WTI prices are continuing to increase in the morning after breaking a key technical level of $69.4. As a result, one may suspect bulls could take a stab at moving toward this year’s high placed a notch below $73. Overall, the outlook for crude oil seems to be mixed, on balance, sellers could struggle to take the price meaningfully lower. Source: xStation5
As far as currencies are concerned one need to put emphasis on the NZ dollar being down as much as 0.6% in early trading on Wednesday. It comes despite a May trade surplus totalled 294 million NZD easily exceeding the median estimate placed at 100 million NZD. When it comes to the 12 months year to date approach there was a 3598 million NZD deficit while economists had expected yet deeper shortage. Together with the NZ dollar one may identify that other commodity-related currencies such as CAD or AUD are also underperforming while the Japanese yen is catching a bid once again, not a huge change though.
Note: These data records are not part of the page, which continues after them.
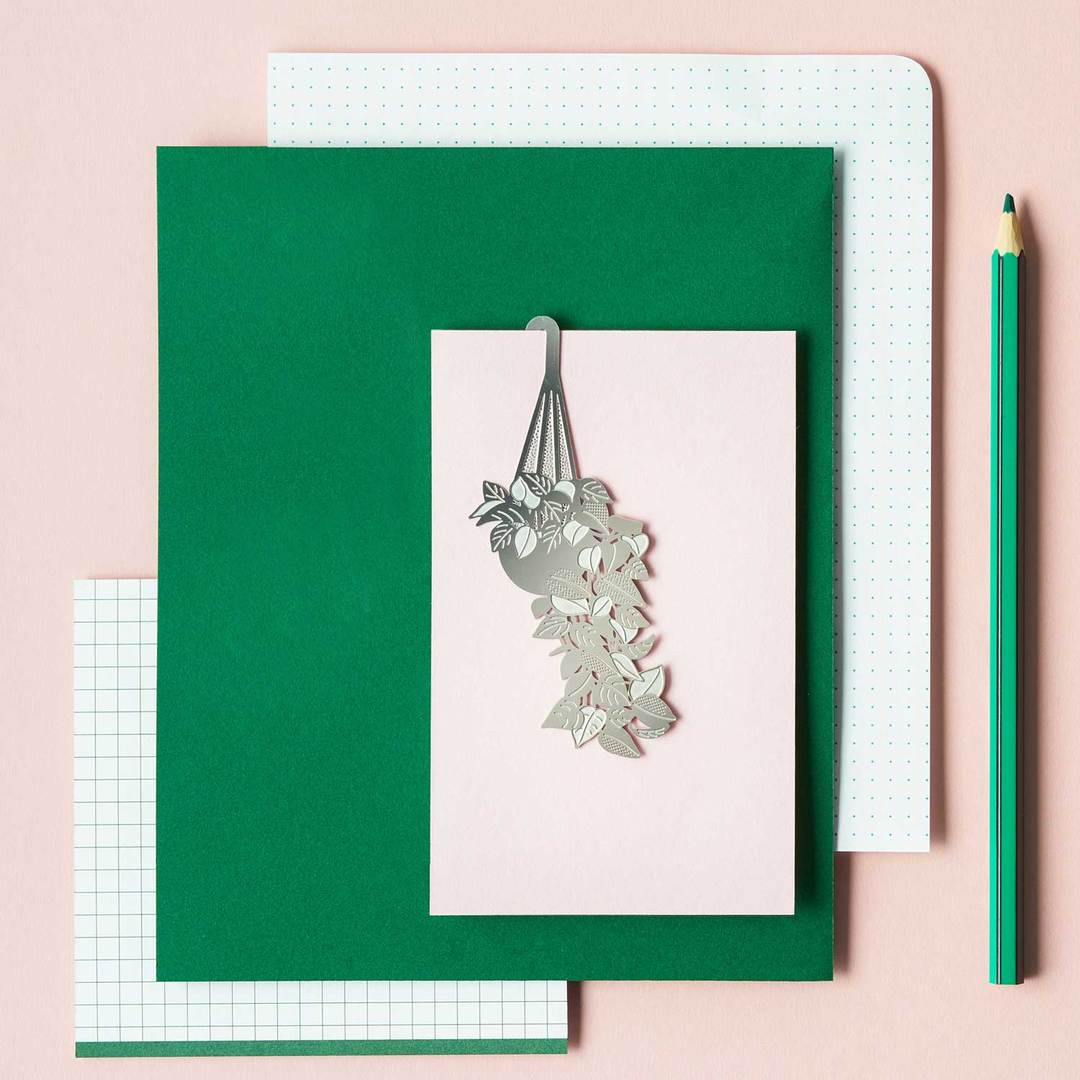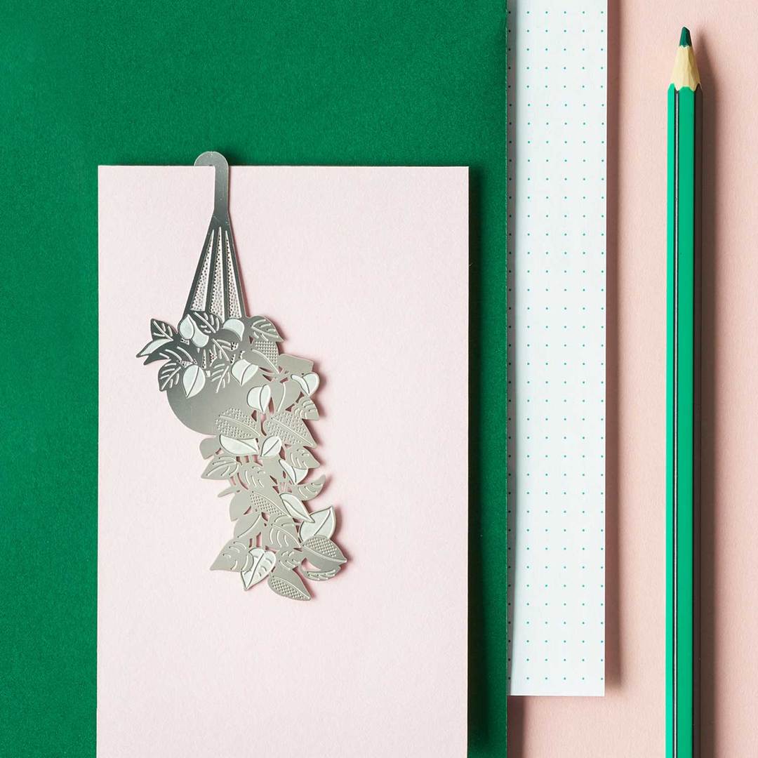 Gravé dans l’acier, ce délicat marque-page à l’effigie du Pothos • Epipremnum aureum retombe en cascade, apportant une touche tropicale à n’importe quelle livre ou document.
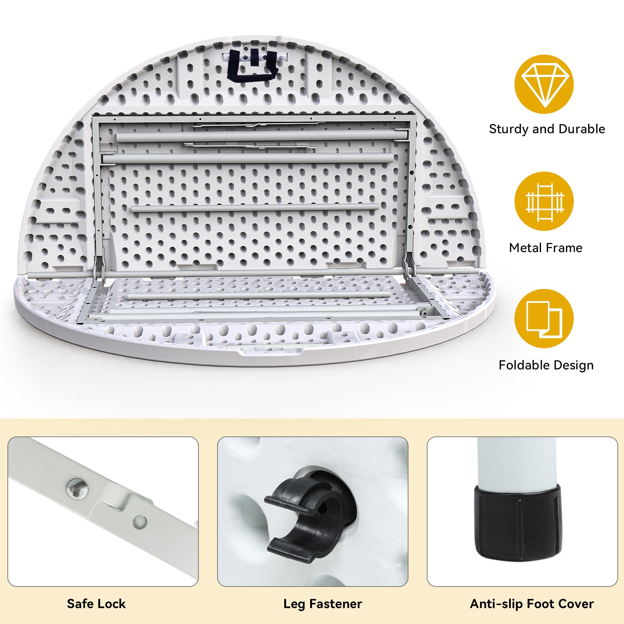 Product Description Versatile round folding table, perfect for outdoor and indoor use. Crafted with a sturdy metal frame and a 1.57″ thick HDPE tabletop, it ensures durability and resistance to wear. The table’s minimalist design harmonizes practicality and style, making it ideal for camping, picnics, parties, and events. It’s lightweight at 28.22 lbs and comes with a built-in handle for easy portability. The security lock and fixing buckles provide added stability. With its waterproof resin surface, cleaning is a breeze, allowing you to enjoy gatherings regardless of the weather. Measuring 71″ x 29″ x 29.13″ (L x W x H), it comfortably accommodates up to 6 people for compact grilling, snacks, and dinnerware. Specifications Color: White Shape: Round Top Material Type: Hdpe,Resin Frame Materia: Plastic, Metal Item Weight: 28.22 pounds Product Dimensions:48 x 48 x 29.13 inches
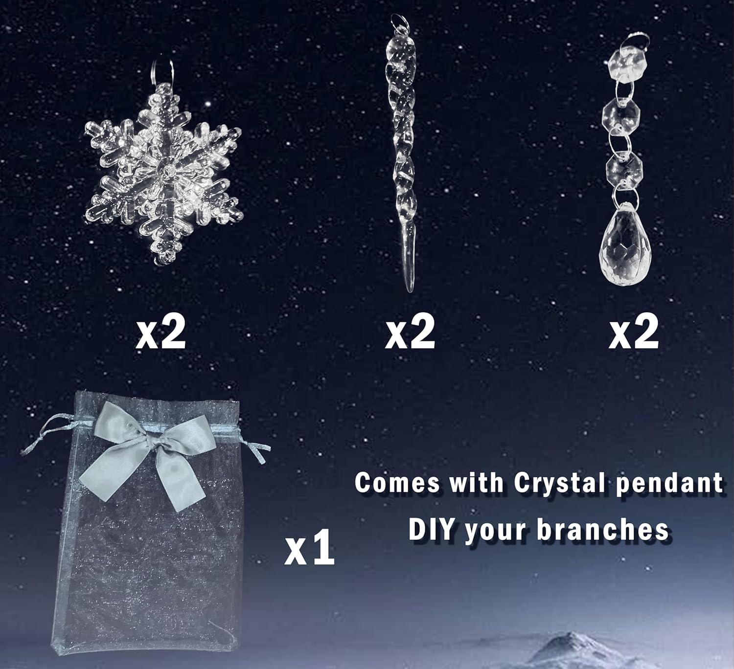- 🎄 Bendable twig branches: These branches are strong but flexible,so you can shape them as desired,also you can hang your little ornaments for holiday-themed decorations or year-round festive use indoor or outdoor.(come with a set of crystal Pendant)
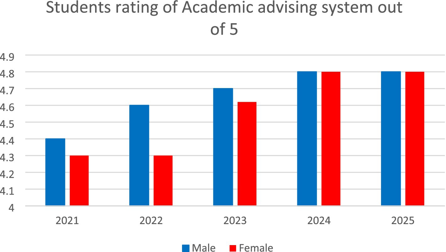 Over the past 5 years, student ratings of the academic advising system have provided valuable insights into the system’s effectiveness (Figure 2). The bar chart illustrates the students’ overall ratings of the academic advising system from 2021 to 2024, with separate data for male and female students. The ratings showed a positive trend over time. In 2021, both sexes rated the system at approximately 4.4; however, by 2022, male students’ ratings increased to approximately 4.6, while female students reached approximately 4.5. The upward path continued in 2023, with male students rating the system around 4.7 and female students achieving similar ratings. In the last 2 years, both groups maintained high satisfaction levels, ranging from 4.6 to 4.8. These results indicate a growing appreciation of the academic advising system, reflecting improvements in the quality of support provided to students.
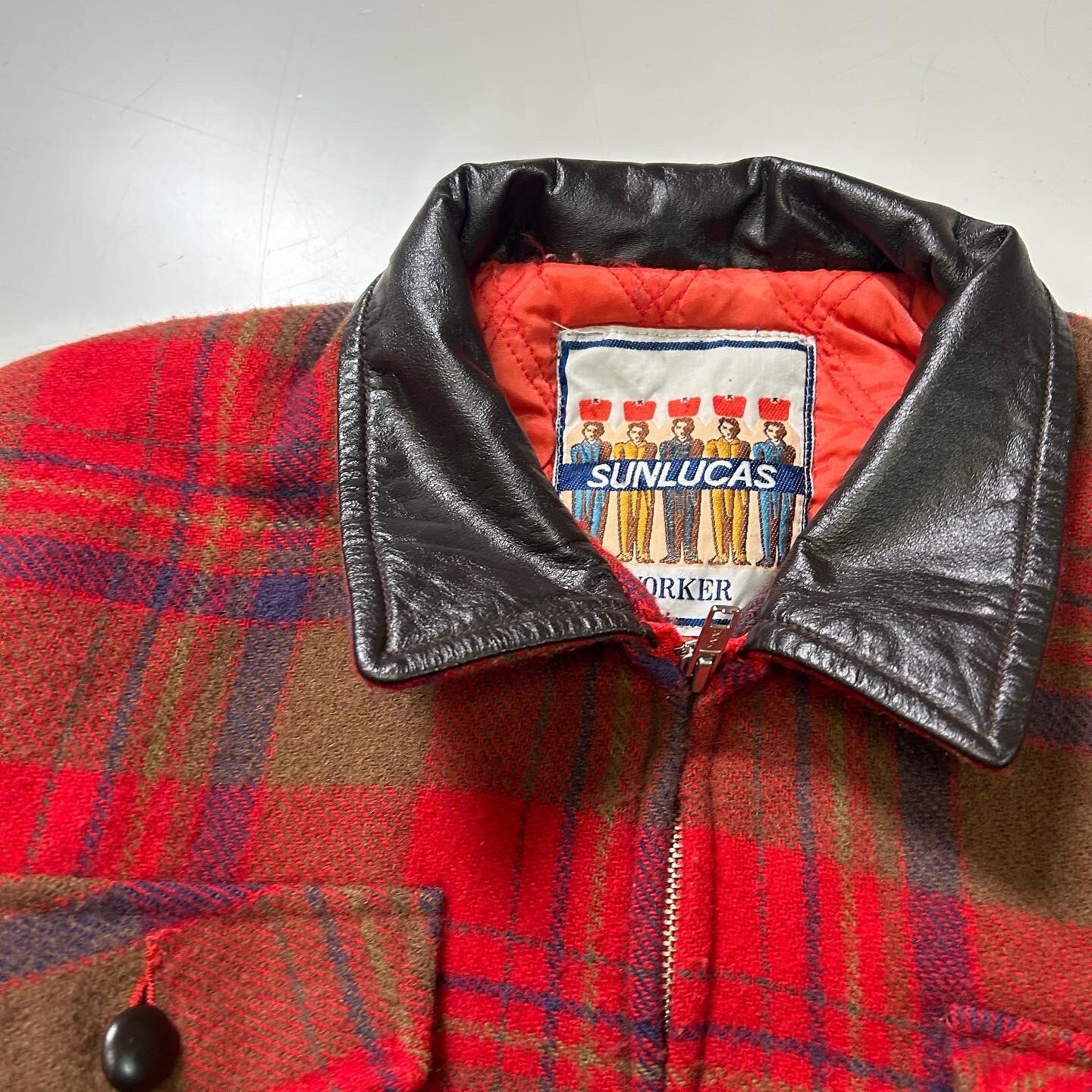 Used 古着 ショート丈ウールチェックブルゾン vintage 90s フェイクレザー襟
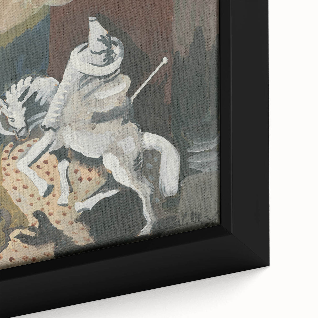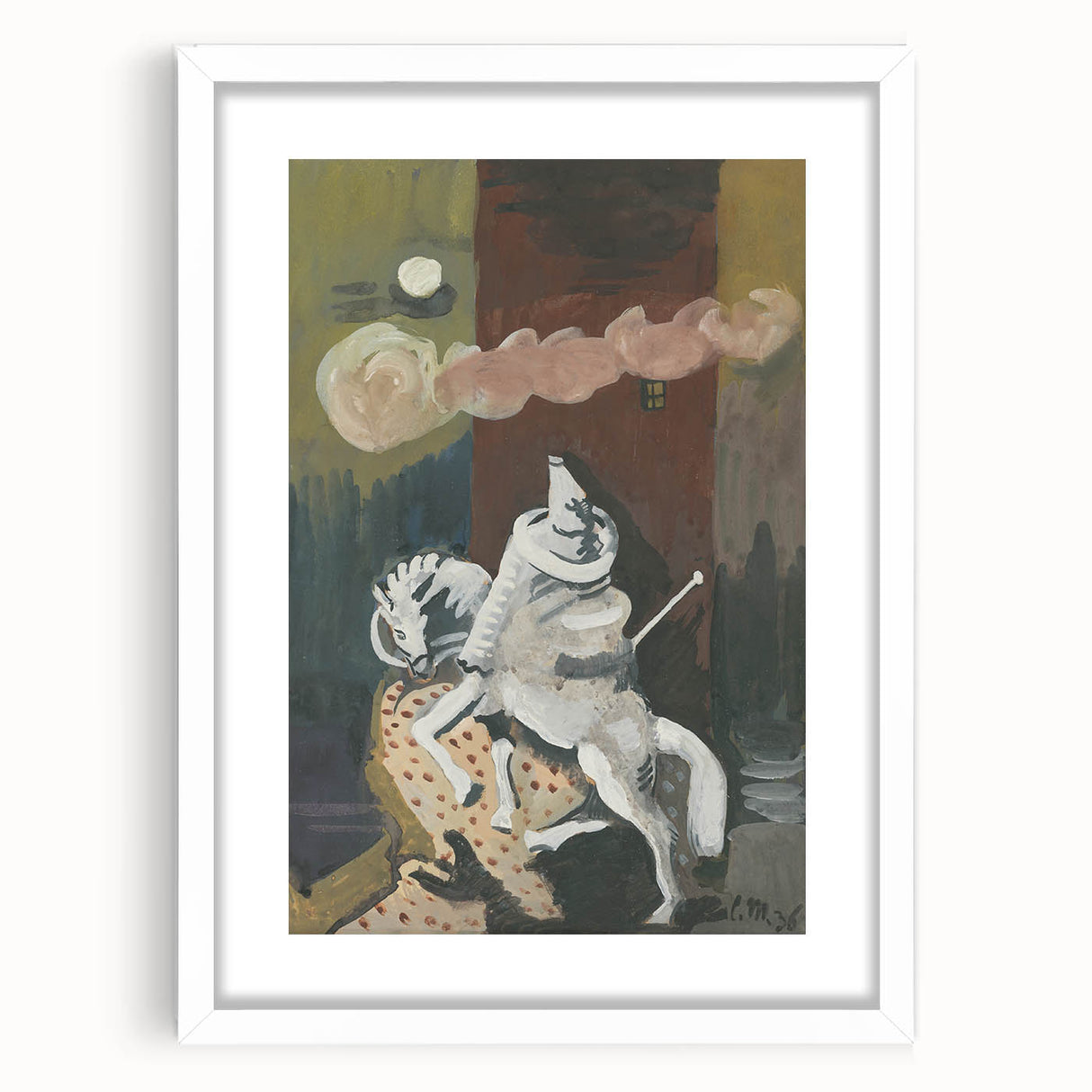 Immerse yourself in the intrigue of Modern Wall Art with At Night, a dreamlike painting by Cyprián Majerník. This evocative piece captures a knight astride a white horse, set against a surreal nocturnal landscape with muted greens, browns, and delicate moonlight. Its blend of mystery and symbolism makes it a striking addition to trendy home decor.
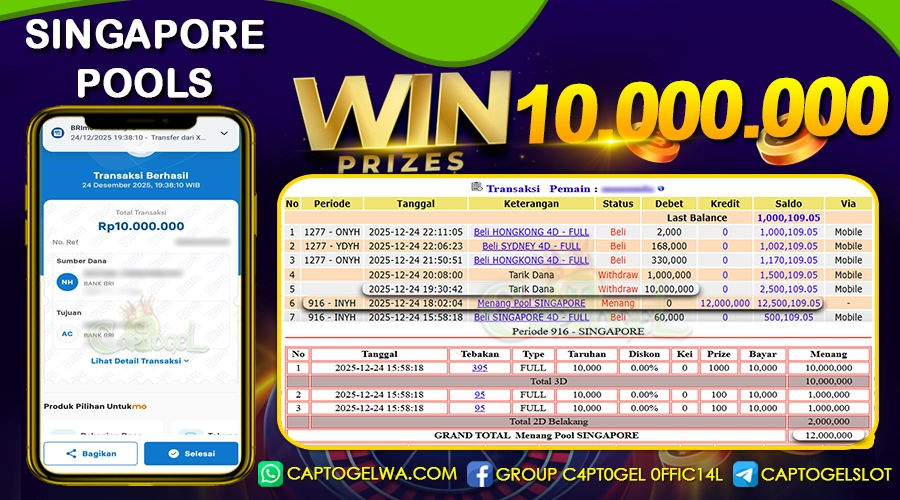 Read moreCAPTOGEL – Selamat Kepada Pemenang User ID: mu1*** dalam permainan SINGAPORE POOLS sebesar Rp 10.000.000 24 DESEMBER 2025 – bermain di situs game online terpercaya […]

The NZ dollar seems to be on the verge of a deeper slide as the price is hovering at around a crucial technical support line. Notice that the RBNZ meeting taking place later today might be a source of uncertainty, and this is especially true when we take into consideration the yesterday’s remarks regarding the NZD being at ’elevated levels’. That said, risks seem to be tilted slightly to the upside given the recent slump we’ve seen. Source: xStation5
Last but not least, Chinese President Xi Jinping warned yesterday provinces and ministers to be prepared for a full-scale trade war. He expects it is rather inevitable the US will impose tariffs on $34 billion worth of Chinese goods on 6 July, and already suggests China will respond to these measures accordingly. Xi points out that trade concerns might push the yuan lower against the US dollar in the short term, this is something US President Donald Trump is not fond of. He said that the PBoC will also refrain from increasing holding of US Treasuries, and in fact it will seek to reduce them appropriately.